The cerebellum modulates rodent cortical motor output after repetitive somatosensory stimulation.

Objective: To analyze the possible role of the cerebellum in the modulation of cortical motor output associated with repetitive electrical stimulation of the sciatic nerve in the rat.

Methods: A sustained somatosensory stimulation induces an increase in the intensity of the response of the rodent motor cortex. Wistar rats were anesthetized for surgical preparation using a continuous infusion of chloral hydrate. We analyzed the response evoked by electrical stimulation of the right motor cortex before (basal condition) and after peripheral electrical stimulation of the left sciatic nerve in rats with no cerebellar intervention (n = 6), and in control rats with Ringer's infusion via a microdialysis probe (n = 8) implanted in the left cerebellar nuclei. In addition, we investigated the effects of 1) the administration of ethanol (20 mmol/L) in the left cerebellar nuclei (n = 5); 2) the administration of tetrodotoxin (10 micromol/L), a sodium channel blocker, in the left cerebellar nuclei (n = 5); 3) electrical stimulation by deep cerebellar stimulation (frequency 100 Hz) on the left side (n = 5); or 4) electrical stimulation of the cerebellar nuclei on the right side (100 Hz; n = 6). For peripheral stimulation, all of the animals received 1 hour of electrical stimulation. Trains of stimulation consisted of five stimuli (duration of 1 stimulus, 1 ms) at a rate of 10 Hz. During stimulation of the motor cortex, peak-to-peak amplitudes in responses of the left calf muscle were analyzed. Motor threshold was defined as the lowest intensity eliciting at least 5 of 10 evoked responses with an amplitude greater than 20 muV. The intensity used was 130% of the motor threshold.
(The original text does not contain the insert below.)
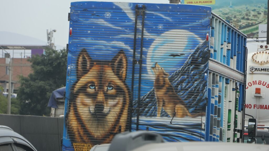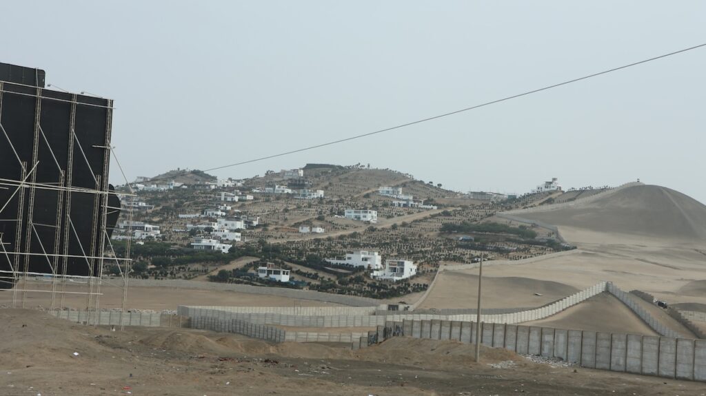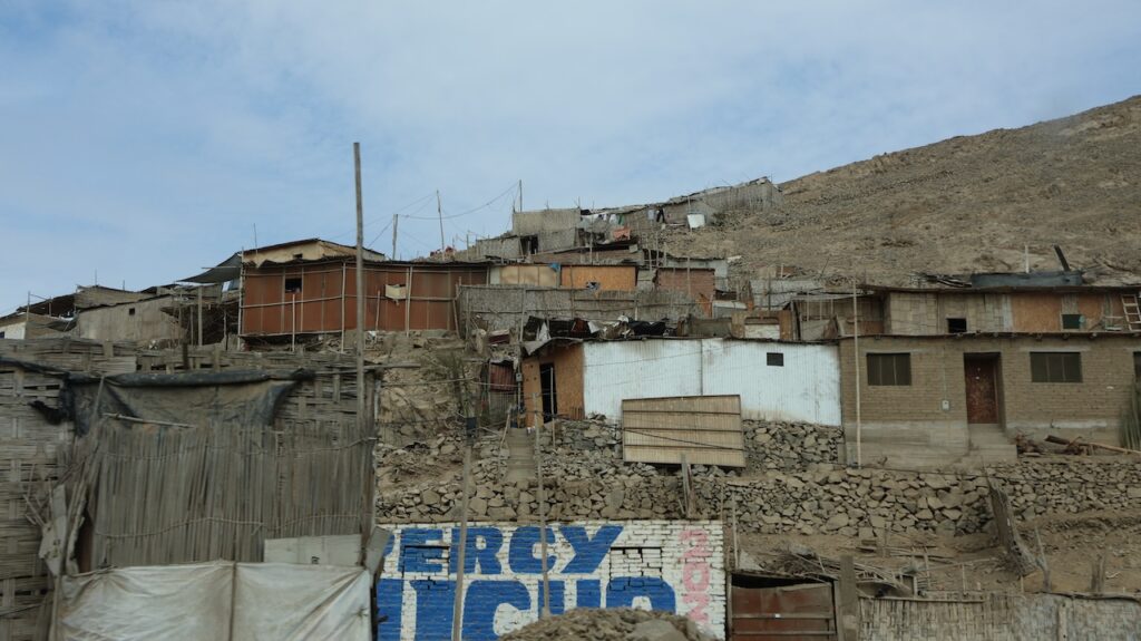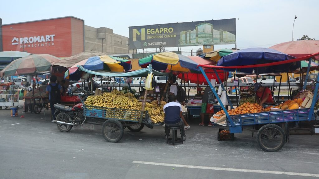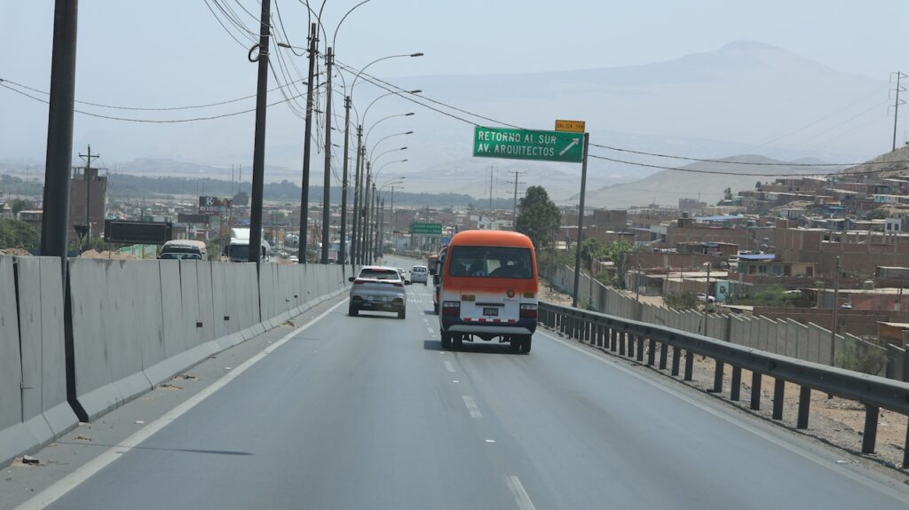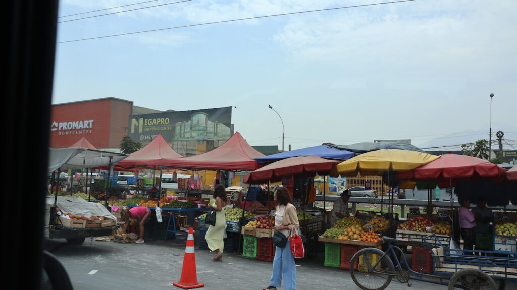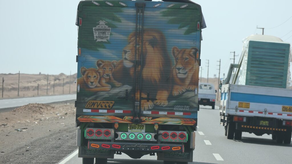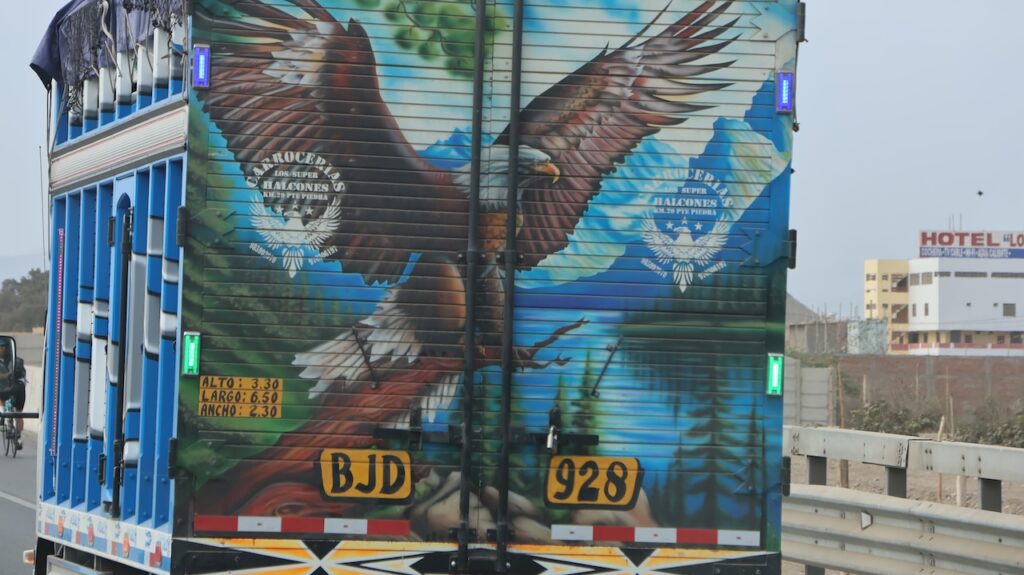 Wir sind schon früh unterwegs, denn heute müssen wir durch Lima fahren und das wird eine Geduldsprobe. Am Strassenrand stehen riesige Werbegebilde. Zum Teil viel grösser als in USA. Von San Antonio bis Ancon kommen wir nicht mehr aus den Häuserschluchten hinaus. Das sind genau 100 Kilometer und dazu brauchen wir 3 Stunden und 15 Minuten. Auf der Strasse ist ein Chaos. Menschen verkaufen Getränke, Früchte und Chips zwischen den Autos auf der dreispurigen Strasse. Motorräder überholen rechts und links. Die Taxis halten überall und stoppen den Verkehr. Wir sind froh, als der Häuserwald sich lichtet, denn dann lichtet sich auch der Verkehr.

Results: In the basal condition (before repetitive stimulation), amplitudes of motor responses were similar in the six groups of rats (P = 0.40). In rats without cerebellar intervention, peripheral electrical stimulation was associated with an increase of motor response to 147.4 +/- 8.5% of baseline (P < 0.001). In rats with Ringer's infusion, the motor response increased to 141.6 +/- 7.9% of baseline (P < 0.001). The administration of ethanol in the cerebellum prevented the enhancement of the response ipsilaterally. The mean +/- standard deviation (SD) of motor responses was 105.7 +/- 6.2% of baseline measurements after stimulation of the sciatic nerve (P = 0.36). The same observation was made after the infusion of tetrodotoxin (mean +/- SD of motor responses: 107.1 +/- 7.4% after peripheral stimulation [P = 0.19] and after electrical stimulation of the cerebellum on the left side [mean +/- SD of motor responses, 104.3 +/- 8.5% after peripheral stimulation, P = 0.40]). However, electrical stimulation of cerebellar nuclei on the right side did not impair the modulation of cortical motor output by sciatic nerve stimulation (mean +/- SD of motor responses, 148.4 +/- 5.8% after peripheral stimulation, P < 0.001).

Conclusion: Until now, the increase of motor output after peripheral nerve stimulation has been considered as a plasticity directly and solely dependent on cortical structures. We demonstrate that the cerebellum plays a key role in this form of neural plasticity.